Sudhendra · 2026-02-06T19:30:32Z

@Gautam-Galada address the following comments:

scripts/dataset_manager.py: The paths are hardcoded to data/training/train.jsonl, but the training config and docs point at data/validated/train.jsonl. Please either wire this to the configured training path (preferred) or make the paths configurable via CLI args so the swap actually affects training runs.
scripts/data_sanitization.py rule_b_orphaned_symbols: This rejects any compression starting with @, which will drop valid code samples that begin with decorators (and contradicts your own expectation of high @ usage in code). Please make Rule B code-aware (allow leading @ for code) or skip the “symbol at start” check for code samples.
scripts/data_sanitization.py extract_verbose_compressed: If this script is intentionally scoped only to data/training/train.jsonl, please encode that assumption explicitly (docstring + validation).
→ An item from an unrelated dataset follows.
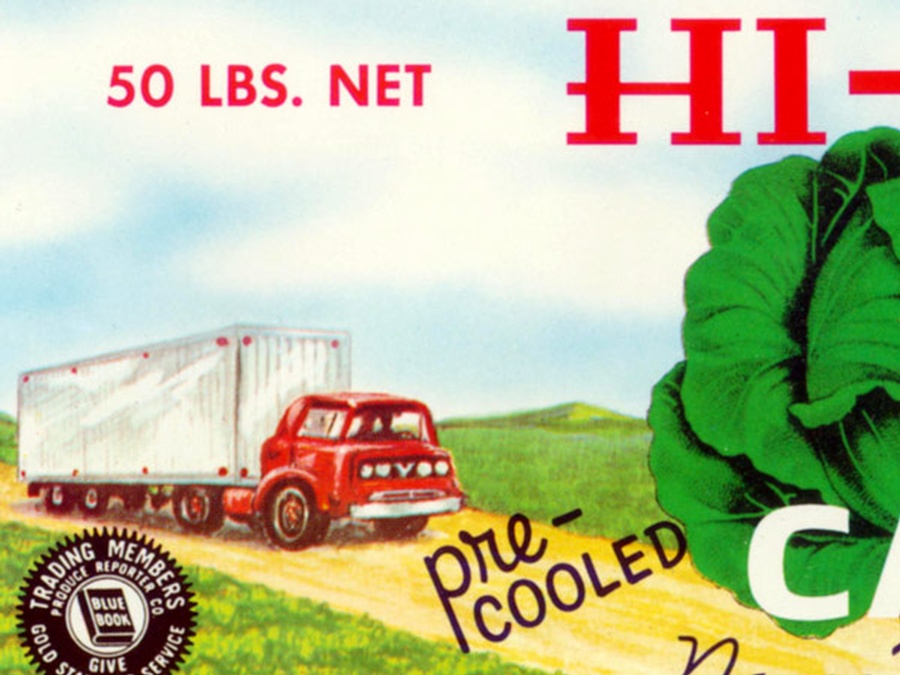 This vintage crate label comes from Dover, Delaware, and measures “ Wide x “ High and is from the 1960s. The label features a large pair of cabbages in the center with the farm in the background and a dirt road with an old style semi-trailer headed to the farm. This vintage label went on a 50 pound box of cabbages. The produce was grown and packed by Papen Farms, Inc.

Add a guard that verifies the expected chat-message shape (e.g., messages with a user entry containing Compress:) and fails loudly or logs a dedicated parse error when the format doesn’t match, plus a small test fixture that reflects the actual train.jsonl structure to prevent silent drops.
scripts/data_sanitization.py compute_compression_ratio: Our evaluation pipeline uses token-based ratios (src/utils/tokenizers.py compression_ratio), but this script uses word counts and inverts the ratio (verbose/compressed). Please switch to token counts and align ratio direction with the shared helper; for Rule A, just check compressed_tokens <= verbose_tokens (or use compression_ratio <= 1.0) to match the rest of the codebase.
scripts/dataset_manager.py verify_files_exist: The error message tells users to run sanitize_training_data_v2.py, but the file is scripts/data_sanitization.py. Please update the message to the correct script name.
tests/test_sanitization_manager.py: There’s no coverage of the main flow (sanitize_dataset) or dataset swapping (update_to_sanitized/revert_to_original). Please add tests for those critical paths, including state/log updates and backup behavior.
scripts/data_sanitization.py is_code_sample: The {...} regex is broad and can misclassify NL (e.g., brace-heavy text or JSON fragments) as code. Please tighten this heuristic or require multiple signals before classifying as code.
scripts/data_sanitization.py sanitize_dataset: Missing verbose/compressed pairs are counted as Rule A failures, which conflates parse/format errors with quality failures. Please track these as a separate “parse errors” bucket in stats and reporting.
Optional but recommended: Add CLI args for --input/--output in scripts/data_sanitization.py and --train-path in scripts/dataset_manager.py so these tools can be used with non-default dataset layouts.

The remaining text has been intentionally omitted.